##### GIVEN DATA

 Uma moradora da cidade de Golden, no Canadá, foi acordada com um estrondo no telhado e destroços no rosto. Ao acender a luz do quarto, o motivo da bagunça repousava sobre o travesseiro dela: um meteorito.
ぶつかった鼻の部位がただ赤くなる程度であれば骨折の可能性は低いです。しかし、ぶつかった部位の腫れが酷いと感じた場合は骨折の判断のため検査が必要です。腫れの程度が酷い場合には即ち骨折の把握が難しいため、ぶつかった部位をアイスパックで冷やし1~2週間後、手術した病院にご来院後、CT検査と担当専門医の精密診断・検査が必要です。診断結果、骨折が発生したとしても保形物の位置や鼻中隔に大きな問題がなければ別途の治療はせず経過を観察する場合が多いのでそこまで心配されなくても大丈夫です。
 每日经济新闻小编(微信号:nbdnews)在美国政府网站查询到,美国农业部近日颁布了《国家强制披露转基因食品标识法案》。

##########
##### GIVEN DATA

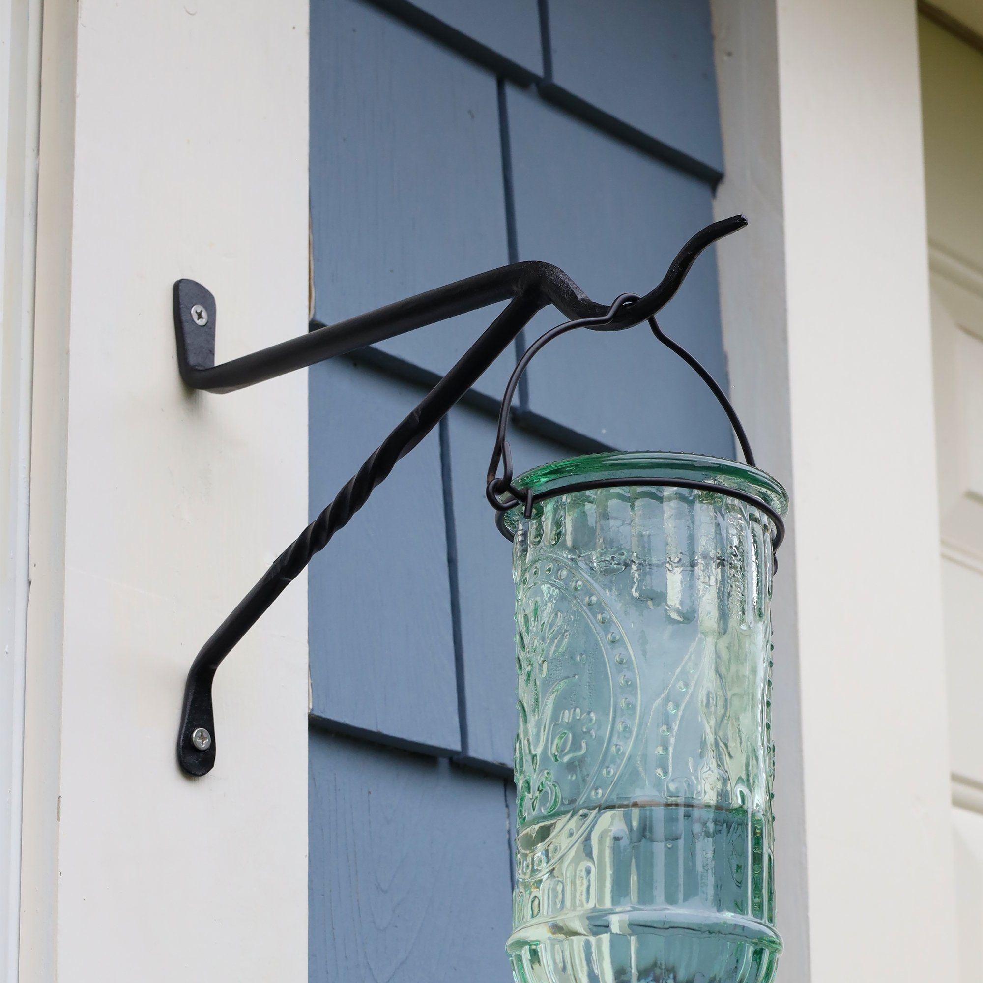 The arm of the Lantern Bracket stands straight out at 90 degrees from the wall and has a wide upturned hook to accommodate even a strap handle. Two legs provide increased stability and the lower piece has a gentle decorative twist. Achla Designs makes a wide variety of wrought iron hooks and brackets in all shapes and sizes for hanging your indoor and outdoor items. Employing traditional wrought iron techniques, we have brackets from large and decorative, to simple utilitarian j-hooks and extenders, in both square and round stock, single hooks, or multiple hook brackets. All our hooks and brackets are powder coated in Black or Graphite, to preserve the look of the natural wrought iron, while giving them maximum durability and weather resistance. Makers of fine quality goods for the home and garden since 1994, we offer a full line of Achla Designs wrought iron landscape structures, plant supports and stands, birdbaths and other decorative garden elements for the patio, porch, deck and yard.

##########

* [WHAT THE EXERCISE ASKS]
Would you print exactly, and only, the lines of the data above from the line with "ぶつかった鼻の部位がただ赤く" through the line with "每日经济新闻小编(微信号:n", inclusive?

* [TASK SOLUTION]
ぶつかった鼻の部位がただ赤くなる程度であれば骨折の可能性は低いです。しかし、ぶつかった部位の腫れが酷いと感じた場合は骨折の判断のため検査が必要です。腫れの程度が酷い場合には即ち骨折の把握が難しいため、ぶつかった部位をアイスパックで冷やし1~2週間後、手術した病院にご来院後、CT検査と担当専門医の精密診断・検査が必要です。診断結果、骨折が発生したとしても保形物の位置や鼻中隔に大きな問題がなければ別途の治療はせず経過を観察する場合が多いのでそこまで心配されなくても大丈夫です。
 每日经济新闻小编(微信号:nbdnews)在美国政府网站查询到,美国农业部近日颁布了《国家强制披露转基因食品标识法案》。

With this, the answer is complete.